• Task directions: Although the records contain pictures, none belong in the copy: restate word for word only the lines from the one with "- Rutin minum" through the one with "Blue Certificate or", both included.

• Provided information:
■ ■ ■ ■
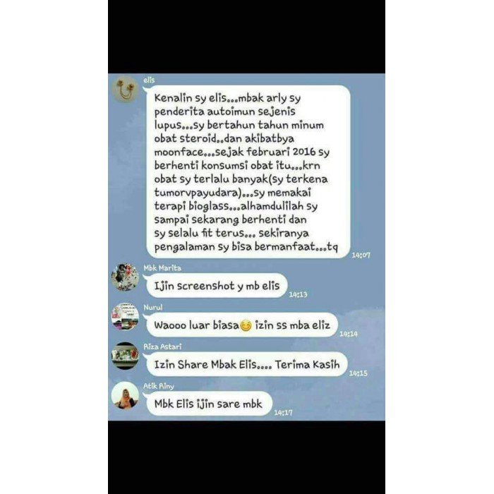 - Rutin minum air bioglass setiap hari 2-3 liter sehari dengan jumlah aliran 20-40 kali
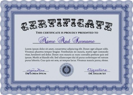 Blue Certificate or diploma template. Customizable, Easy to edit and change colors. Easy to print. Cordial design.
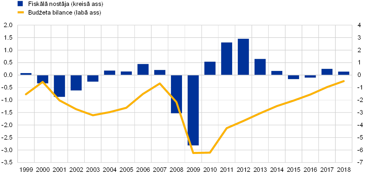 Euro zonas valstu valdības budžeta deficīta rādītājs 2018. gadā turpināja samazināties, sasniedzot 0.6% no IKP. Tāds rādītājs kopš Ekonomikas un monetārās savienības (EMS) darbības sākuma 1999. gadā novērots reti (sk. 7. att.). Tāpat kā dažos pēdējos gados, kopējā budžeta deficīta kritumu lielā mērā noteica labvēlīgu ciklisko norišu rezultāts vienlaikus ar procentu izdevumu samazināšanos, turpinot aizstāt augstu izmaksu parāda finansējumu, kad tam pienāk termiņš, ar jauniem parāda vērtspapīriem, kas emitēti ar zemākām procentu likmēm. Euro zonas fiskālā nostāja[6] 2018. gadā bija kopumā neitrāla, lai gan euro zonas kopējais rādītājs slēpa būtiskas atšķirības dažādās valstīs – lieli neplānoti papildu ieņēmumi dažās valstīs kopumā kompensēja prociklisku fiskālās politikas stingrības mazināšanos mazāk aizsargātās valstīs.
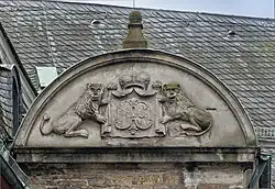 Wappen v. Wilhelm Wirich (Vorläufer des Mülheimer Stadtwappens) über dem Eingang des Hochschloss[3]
■ ■ ■ ■
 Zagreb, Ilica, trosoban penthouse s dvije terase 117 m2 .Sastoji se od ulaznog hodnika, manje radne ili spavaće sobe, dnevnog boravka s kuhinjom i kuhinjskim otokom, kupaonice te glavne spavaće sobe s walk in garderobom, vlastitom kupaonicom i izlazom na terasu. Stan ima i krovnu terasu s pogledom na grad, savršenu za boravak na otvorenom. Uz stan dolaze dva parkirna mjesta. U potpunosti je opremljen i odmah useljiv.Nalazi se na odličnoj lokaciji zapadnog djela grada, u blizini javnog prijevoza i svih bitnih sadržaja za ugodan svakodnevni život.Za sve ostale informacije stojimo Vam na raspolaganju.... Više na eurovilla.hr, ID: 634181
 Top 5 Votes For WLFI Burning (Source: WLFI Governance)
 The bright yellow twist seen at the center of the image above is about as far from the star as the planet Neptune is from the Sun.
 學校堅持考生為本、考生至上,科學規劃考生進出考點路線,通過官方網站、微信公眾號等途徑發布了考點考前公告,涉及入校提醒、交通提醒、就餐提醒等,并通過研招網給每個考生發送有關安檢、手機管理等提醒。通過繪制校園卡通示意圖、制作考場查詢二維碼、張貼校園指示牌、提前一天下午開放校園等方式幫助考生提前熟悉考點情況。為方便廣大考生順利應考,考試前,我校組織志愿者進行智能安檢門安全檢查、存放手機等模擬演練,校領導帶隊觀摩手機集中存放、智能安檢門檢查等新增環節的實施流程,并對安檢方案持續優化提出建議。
■ ■ ■ ■
• Result of this exercise:
 - Rutin minum air bioglass setiap hari 2-3 liter sehari dengan jumlah aliran 20-40 kali
 Blue Certificate or diploma template. Customizable, Easy to edit and change colors. Easy to print. Cordial design.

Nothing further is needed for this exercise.